--- START ---

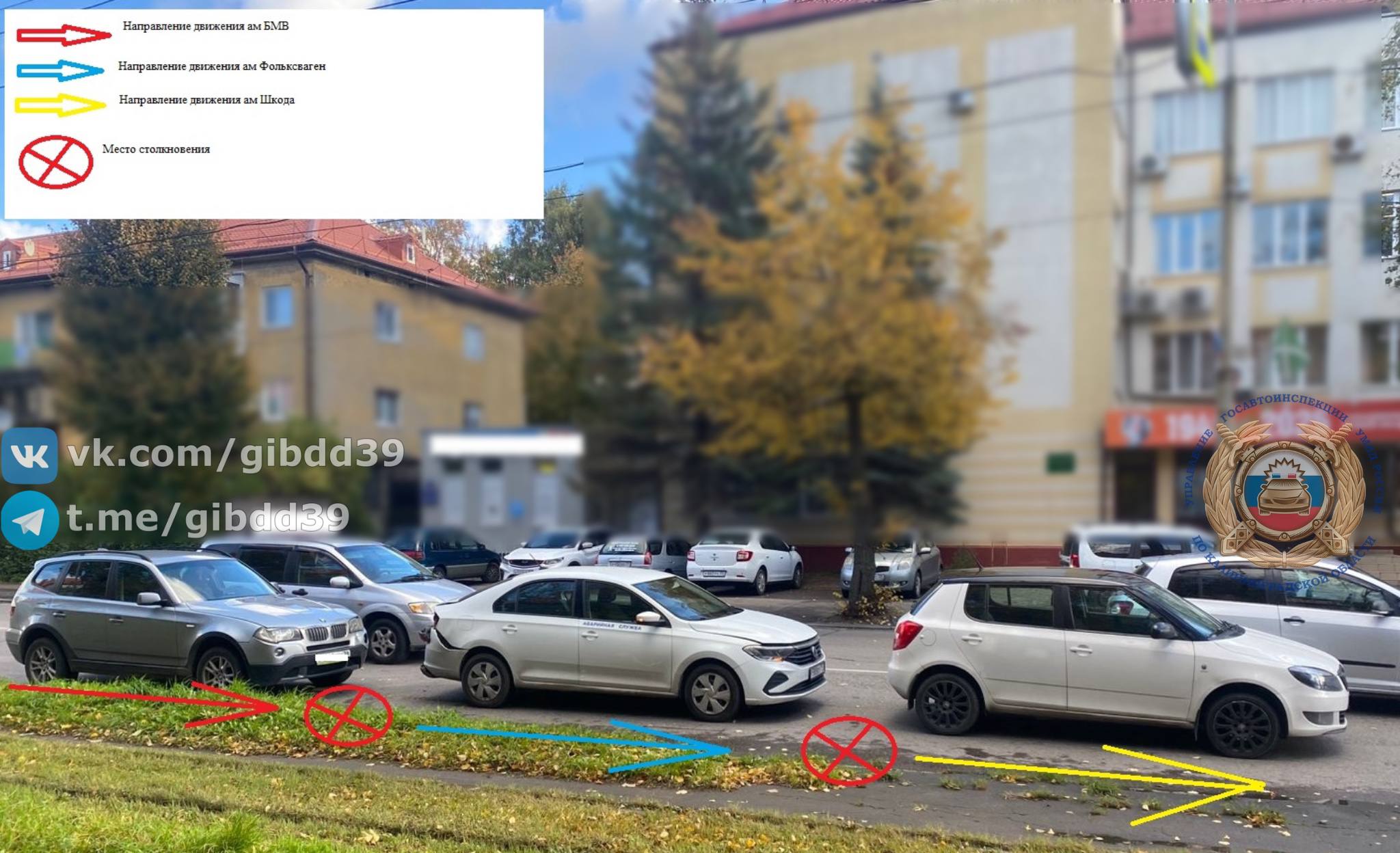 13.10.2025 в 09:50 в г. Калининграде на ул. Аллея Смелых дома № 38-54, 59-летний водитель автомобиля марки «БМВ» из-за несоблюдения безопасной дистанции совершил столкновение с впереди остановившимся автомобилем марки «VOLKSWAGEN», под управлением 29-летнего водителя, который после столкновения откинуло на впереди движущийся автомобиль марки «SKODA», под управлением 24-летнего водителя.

--- END ---
--- START ---

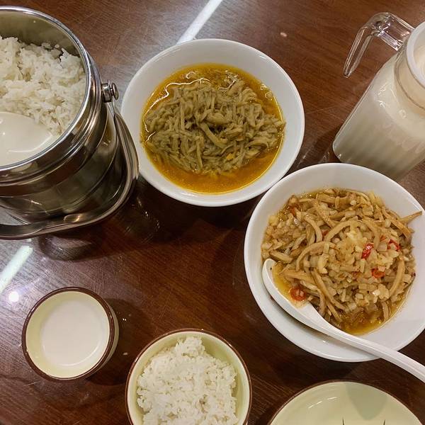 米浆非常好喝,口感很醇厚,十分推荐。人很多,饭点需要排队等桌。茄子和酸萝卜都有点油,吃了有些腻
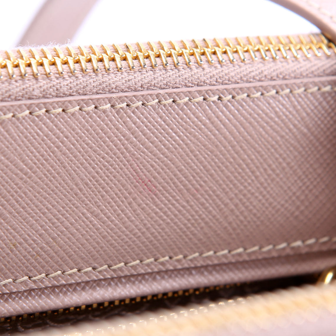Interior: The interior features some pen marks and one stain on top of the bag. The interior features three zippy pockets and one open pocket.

--- END ---
--- START ---

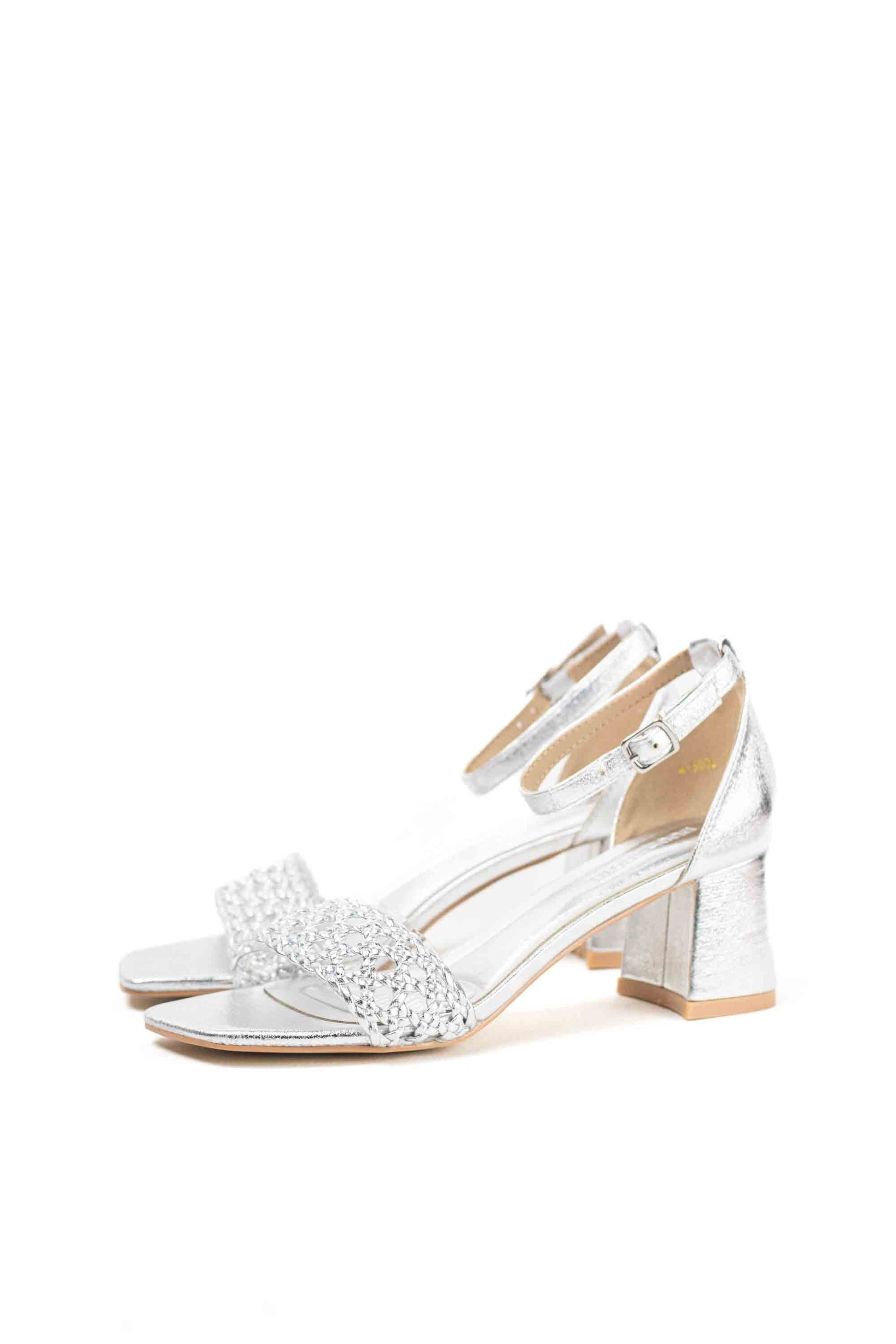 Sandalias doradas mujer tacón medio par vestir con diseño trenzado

--- END ---

## [WORK INSTRUCTION]
Beginning with the line holding "米浆非常好喝,口感很醇厚,十" in the material above, restate word for word each line through the line holding "Interior: The interior features", and exclude pictures.

## [SOLUTION TO THE PROBLEM]
 米浆非常好喝,口感很醇厚,十分推荐。人很多,饭点需要排队等桌。茄子和酸萝卜都有点油,吃了有些腻
Interior: The interior features some pen marks and one stain on top of the bag. The interior features three zippy pockets and one open pocket.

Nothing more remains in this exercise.